Gaza is now 100 percent Palestinian. The security fence Israel is building in the West Bank will, in effect, create a second Palestinian sovereignty on 92 percent of that territory. Everyone knows what that fence means. Israelis on the Palestinian side of the fence will ultimately leave one way or the other. And, in a final settlement if and when the Palestinians ever decide to make their peace with a Jewish state that remaining 8 percent could be exchanged for pieces of Israel transferred to Palestine.
The other great watershed has been the maturation of the Palestinian national movement. Arafat was a revolutionary who disdained nation-building. Revolutionaries destroy the old order.

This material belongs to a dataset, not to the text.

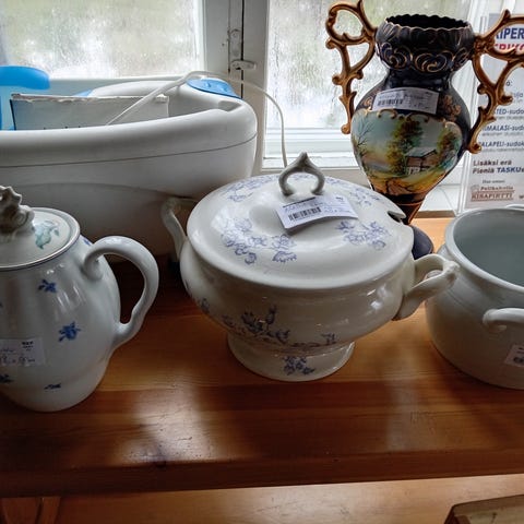 Nämä kuvassa olevat astiat ovat Arabian valmistama Pirtti-sarjan kahvikuppeja ja aluslautasia.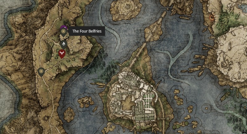 Lands Between の Liurnia of the Lakes 地域にある Raya Lucaria アカデミーの西にある Four Belfries Site of Grace を見つけることができます。 4 つの鐘楼につながるメイン パスを地図上でたどることができます。

His mission was to destroy Israel. Which is why, to the consternation of his Western admirers, in 10 years he built not a single schoolhouse, hospital or road in the territory he controlled. Instead, he built a dozen private militias and a state propaganda machine designed to poison the new generation against Israel. Now that he is gone, the Palestinian cause can begin the demystification from revolution to nation-building.

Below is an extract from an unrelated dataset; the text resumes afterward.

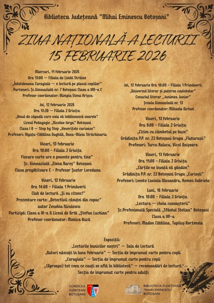 Cu prilejul Zilei Naționale a Lecturii, celebrată anual pe 15 februarie, Biblioteca Județeană „Mihai Eminescu” Botoșani organizează, în perioada 11–16 februarie 2026, o serie de manifestări dedicate promovării lecturii și cultivării plăcerii de a citi în rândul copiilor și tinerilor.  Activitățile se desfășoară atât la sediile bibliotecii, cât și în parteneriat cu unități de învățământ din municipiul Botoșani.

The other demystification was Gaza. The Gaza Palestinians have just received exactly what they wished for: self-government, borders, openings to the outside world and an absence of any Jews. As a result, however, they are now faced with the distinctly unromantic task of creating their new state. It's not that many Gazans would not like to continue the romance of revolutionary terrorism and jihad. But they no longer have the means. The separation fence makes it almost impossible to launch attacks into Israel. And rockets launched into Israeli towns are met by retaliatory Israeli artillery barrages that make the rocketeers rather unpopular at home. A similar equilibrium will be achieved on the West Bank when the fence is completed next year.
Sharon represents the majority of Israelis bent on achieving that equilibrium. It will not only bring stability and relative peace, but it also offers the contours of an ultimate settlement. That's why even old regional antagonists see the promise of this moment all achieved, mind you, without a single Rose Garden ceremony.